# Why I help stupid, cowardly, selfish people stranded on the side of the road...



## creature (Jan 1, 2015)

well... i dunno that they actually *are* stupid, cowardly, selfish, shitheads *until* they open their mouths (or post really stupid, cowardly, shitheaded threads about not helping strangers because they might unworthy of decency & kindness..)

well.. strike that, i still would, unless something truly & sincerely racist comes out of their mouths, in which case their problem will most likely become one i can't help with..

but.. it's like this, asshole:

if i saw *you* in the middle of nowhere, with a semi-toothless smile, scraggly hair, drabby clothes & wrinkled fucking face, with your hood up, or a tire shredded, i'd pull over, yank out my 2 tone jack & lay into my lug wrench & get your ass back on the road...

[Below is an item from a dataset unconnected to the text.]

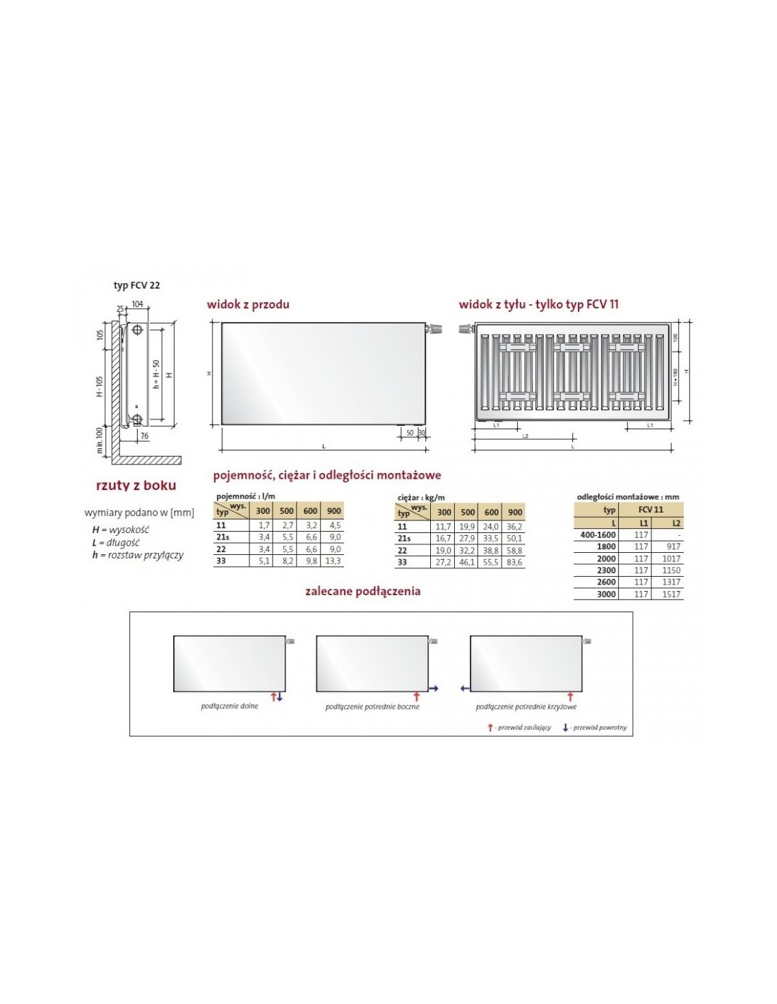 Grzejniki typu FCV wyposażone są w cztery boczne i dwa dolne otwory przyłączeniowe z gwintem wewnętrznym ½″. Króćce umieszczone od dołu pozwalają na dyskretne ukrycie instalacji.

not *only* this, but i would drive you 30 miles or more to *get* a fucking tire, help you *pay* for it..

& not *only* this, asshole, i would do it in a fucking *downpour*, or in below zero weather..

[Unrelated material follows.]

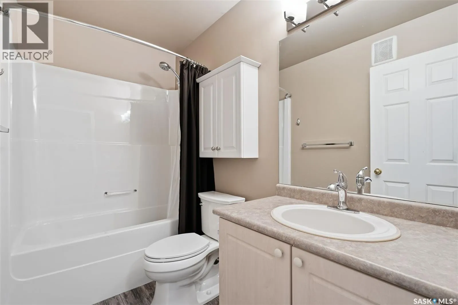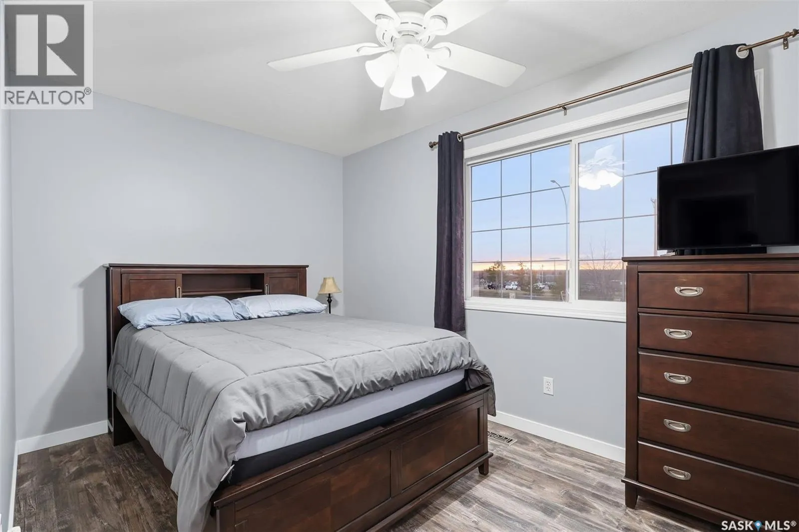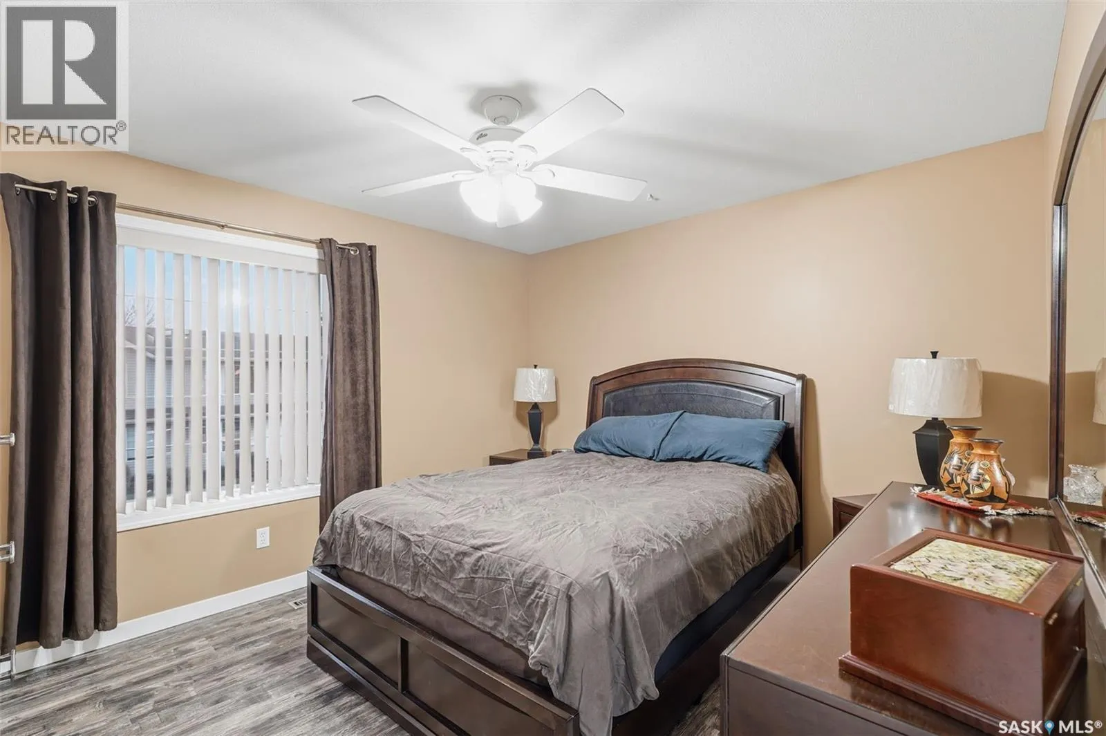 Welcome to this charming 2-storey townhouse in desirable Silverspringâoffering 944 sqft. of comfortable living space in a prime location near the river, trails, environmental parks, Forestry Farm, and excellent schools. This home features 2 spacious bedrooms with oversized closets, a 4-piece bathroom upstairs, and a 2-piece bath on the main floor. The professionally developed basement provides additional living space with a cozy family room or office area, den, storage, and a laundry room. Enjoy durable laminate flooring throughout the main and second floors, central air conditioning and the included window treatments. The private, partially fenced yard backs onto Central Avenue, offering both privacy and no backing neighbours. Located just minutes away from all amenities and within biking distance to the University of Saskatchewan, and this home includes parking right at your front door!! Don't miss your chance to view this home, set up your own private showing today! (id:27476)

& if it wasn't your tire, but a fuel line, fuel filter, transmission line, fuel pump, battery, alternator or any other accessible 'top' end difficukty, i would get your sorry ass back on the road, even if you had one fucking eye & every fucking tooth in your head was rotten..

& you would go away, looking as dumb & stupid & facist & fucked as you are, think "wow! that was really great!! i thought i was **screwed**!!!"

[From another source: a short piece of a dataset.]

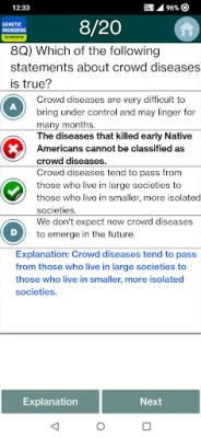 De complexe wereld van genetica vereist grondige kennis en voorbereiding, vooral wanneer een belangrijk examen nadert. Om u optimaal uit te rusten, biedt Genetics Quiz Questions Free een ongeëvenaarde bron van oefenmateriaal. Deze applicatie is zorgvuldig samengesteld om uw begrip van erfelijke patronen, moleculaire structuren en genetische principes te versterken. Duik in een uitgebreide verzameling van meer dan 2500 meerkeuzevragen, elk ontworpen om uw kennis te testen en uw vaardigheden te verfijnen, zodat u met vertrouwen uw genetica-examen tegemoet kunt treden.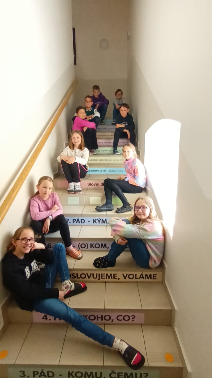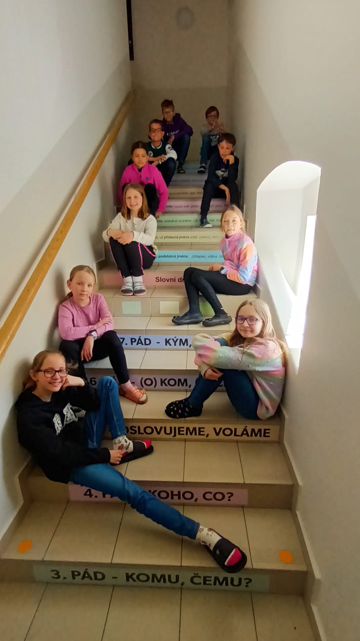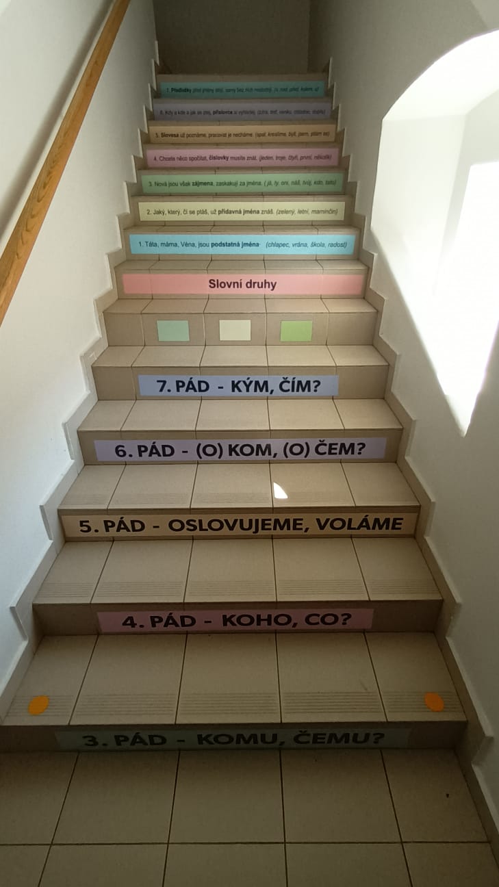 Polepy jsou zaměřené na češtinu – konkrétně na slovní druhy a pádové otázky. Děti si tak mohou základní učivo připomínat pokaždé, když jdou o přestávce nebo na hodinu po schodech.

& *that* is why i would help you.. even without your fucking thumb out..

you can be as scared & shitty & right wing as you want, but until *you* have a problem, don't class everyone else with everyone else, just because of minority examples..

if i had to judge people with pigtails by your fucking intelligence, i'd say "fuck man.. i agree with rush limbaugh.. they really *do* belong in zoos", because your attitude is about as rational as people who celebrate trickle down economics..
i could be a lot harsher, but it isn't worth it..

someday you'll be out there.. maybe you have been.. & you're going to need some fucking help..

& someone will slow down & look at you & think.. "nah.. he *looks* like a creep, so he is.."
& they'll just keep going..

& it'll happen over & over..

until some fucker like one of ***US*** comes along & says "hey buddy!! you need some help??" & you'll say "i sure do!!"
& they'll say "yeah.. i know how it is.. i've done a lot of hitching, & i know what it's like to be stranded on then goddamned road.."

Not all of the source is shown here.